Martin Müsli
Martin Müsli

Reputation: 1159

How to secure Firebase by checking for correct userID in the "official" Authentication database

I have users, registered with the EMail function of Firebase Authentication. Only authenticated users should write to my Firestore database.

My rule (from the documentation):

allow write: if request.auth != null;

allows access to every request where there is an non-null auth-object. This doesn't seem to be very secure. As you could just make a request with any auth = {something: "hacker"} object.

So, to avoid this problem. How do I check if the given request.auth.uid is actually the one from the Firebase Authentication service?

Upvotes: 1

Views: 83

Answers (2)

Kundan
Kundan

Reputation: 1952

These set of rules worked for me.

service cloud.firestore {
 match /databases/{database}/documents {
    match /{document=**} {
      allow read, write: if request.auth.uid != null;
    }
  }
}

Upvotes: 1

Frank van Puffelen
Frank van Puffelen

Reputation: 598740

The request.auth variable is populated by Firebase automatically on the server, based on the ID token that is sent along from the client with each request. Minting an ID token for a given Firebase project, requires that you have access to the administrative credentials for that project.

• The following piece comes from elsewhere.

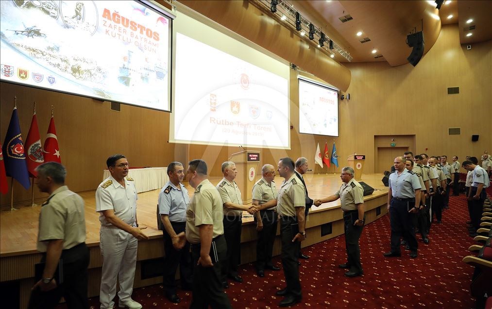 Milli Savunma Bakanı Hulusi Akar ve Genelkurmay Başkanı Orgeneral Yaşar Güler, Türk Silahlı Kuvvetlerinde bir üst rütbeye terfi eden personelin rütbe işaretlerinin verildiği törene katıldı. ( Arif Akdoğan - Anadolu Ajansı )Arif Akdoğan
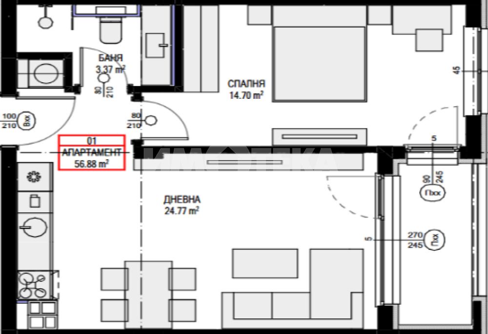 Двустаен апартамент, с източно изложение, състоящ се от антре, дневна с

This means that, as long as you ensure that you don't share the administrative credentials for your project publicly, nobody can inject their own information into the ID token, and this the request.auth object in your database is actually secure from tampering.


The rule in your question limits who can write data, as the user will need to be signed in to Firebase Authentication to be able to write. You'll typically also want to limit what the user can do, both by controlling the access (for example, only letting them access their own data), and by validating the data that they write.